DATA FOR PROCESSING:

++++++++

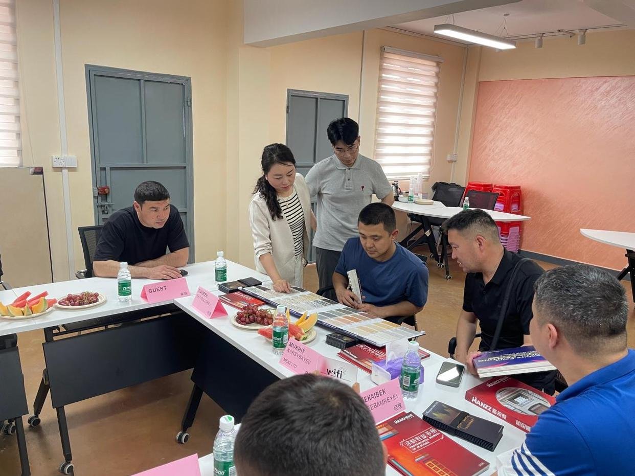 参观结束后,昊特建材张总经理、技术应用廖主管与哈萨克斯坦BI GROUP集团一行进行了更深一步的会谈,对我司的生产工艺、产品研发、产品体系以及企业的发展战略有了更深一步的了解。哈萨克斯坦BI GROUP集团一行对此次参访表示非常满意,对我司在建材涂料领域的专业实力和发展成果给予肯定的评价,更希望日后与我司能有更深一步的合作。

++++++++

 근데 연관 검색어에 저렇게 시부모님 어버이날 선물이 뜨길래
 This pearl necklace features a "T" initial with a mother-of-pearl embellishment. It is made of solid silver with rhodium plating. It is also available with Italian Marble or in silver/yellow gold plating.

++++++++

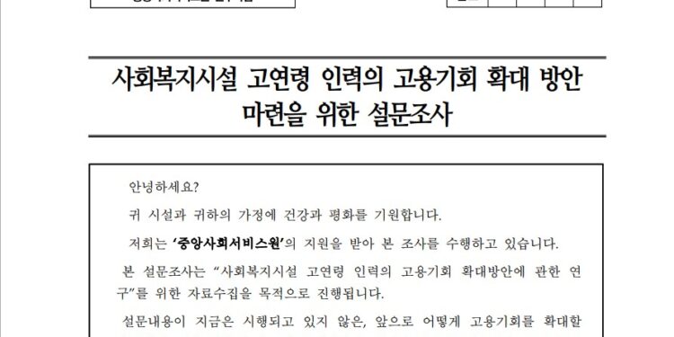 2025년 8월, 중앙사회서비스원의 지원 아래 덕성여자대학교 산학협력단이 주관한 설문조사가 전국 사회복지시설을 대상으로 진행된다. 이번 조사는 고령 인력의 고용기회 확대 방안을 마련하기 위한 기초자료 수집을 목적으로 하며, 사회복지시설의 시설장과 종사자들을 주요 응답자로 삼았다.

++++++++

ABOUT THIS EXERCISE: Only the lines above starting with the one with "근데 연관 검색어에 저렇게 시부모님 어버이날 선물이 뜨길래" and going through the one with "This pearl necklace" are to be copied, word for word and with both ends kept.

SOLUTION TO THIS EXERCISE:
 근데 연관 검색어에 저렇게 시부모님 어버이날 선물이 뜨길래
 This pearl necklace features a "T" initial with a mother-of-pearl embellishment. It is made of solid silver with rhodium plating. It is also available with Italian Marble or in silver/yellow gold plating.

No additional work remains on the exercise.